A Department of Health and Social Care (DHSC) spokesperson said: ‘Over a million NHS patients start planned treatment with a consultant every month – with the majority seen and treated within 18 weeks – and last year, 71,000 more people began their cancer treatment than in 2010.’

Missed waiting time targets

The report said that less than half of NHS trusts and foundation trusts met the 18-week waiting times standard for elective treatment, while only 38% meet the waiting time standard for cancer patients.

It recommended that NHS England and the DHSC deliver additional support to help local NHS bodies meet the waiting time standards, and that the DHSC should hold NHS England to account ‘for achieving waiting times standards now and in the future’.

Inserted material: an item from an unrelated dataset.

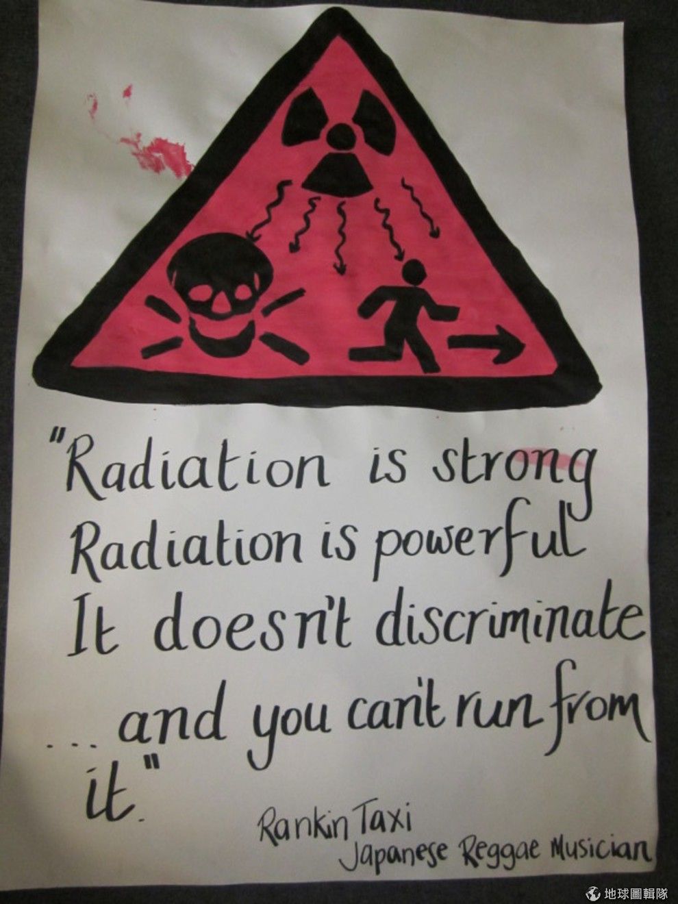 活動海報上寫著「輻射是很強的存在,輻射的影響力很大,它不會歧視任何人,所以你也躲不過它」。Photo credit: davidfntau
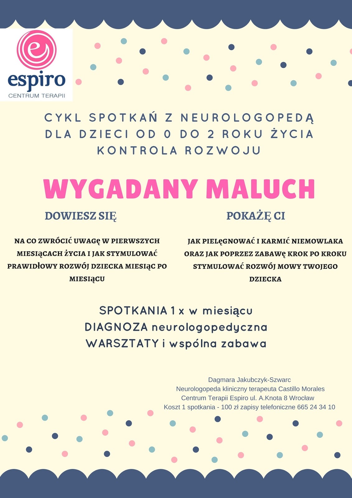 Wygadany Maluch to kontrola rozwoju dziecka od urodzenia do drugiego roku życia, to comiesięczne spotkania z rodzicami i ich maluchem, na których krok po kroku, miesiąc po miesiącu badam dziecko, wyjaśniam co na danym etapie życia powinno robić i w jaki sposób poprzez zabawę i pielęgnację rodzic może rozwijać umiejętności dziecka, aby uniknąć problemów w przyszłości.

The PAC report said that, since 2015, NHS England has ‘gradually removed financial sanction and penalties against trusts failing to meet elective waiting time standards’.

NHS England told the PAC MPs that this measure was taken to alleviate the financial burden on trusts, many of which are already in financial difficulties.

Instead, NHS England reintroduced sanctions for both commissioners and providers when patients wait 52 weeks or over for treatment in January.

Review of NHS access standards

In an interim review of NHS access standards, published in March, the NHS proposed the introduction of a ‘28-day standard from a patient’s referral to their diagnosis’, which would replace the two-week waiting time standard from a patient’s referral to their first appointment with a consultant.

However, stakeholders including the Independent Healthcare Providers Network and arthritis charity Versus Arthritis told the PAC that they feared ‘the review could be used as an opportunity to make the target easier to meet or less appropriate’.

Commenting on the report, PAC chair Meg Hillier said: ‘NHS England’s review of waiting times is now more crucial than ever. However, this cannot be an opportunity for standards to slip. Any changes must protect and improve patient outcomes.’

NHS Providers director of policy and strategy Miriam Deakin said that although trusts are working ‘flat out to meet the constitutional standards’, staff shortages, financial pressures and increasing demand have made it difficult for them to meet them.

She added: ‘Trusts are rightly prioritising patients who are most sick, but that has a knock-on impact on other parts of the service. We now have a growing waiting list, which risks pushing even more people towards emergency care if their condition deteriorates.’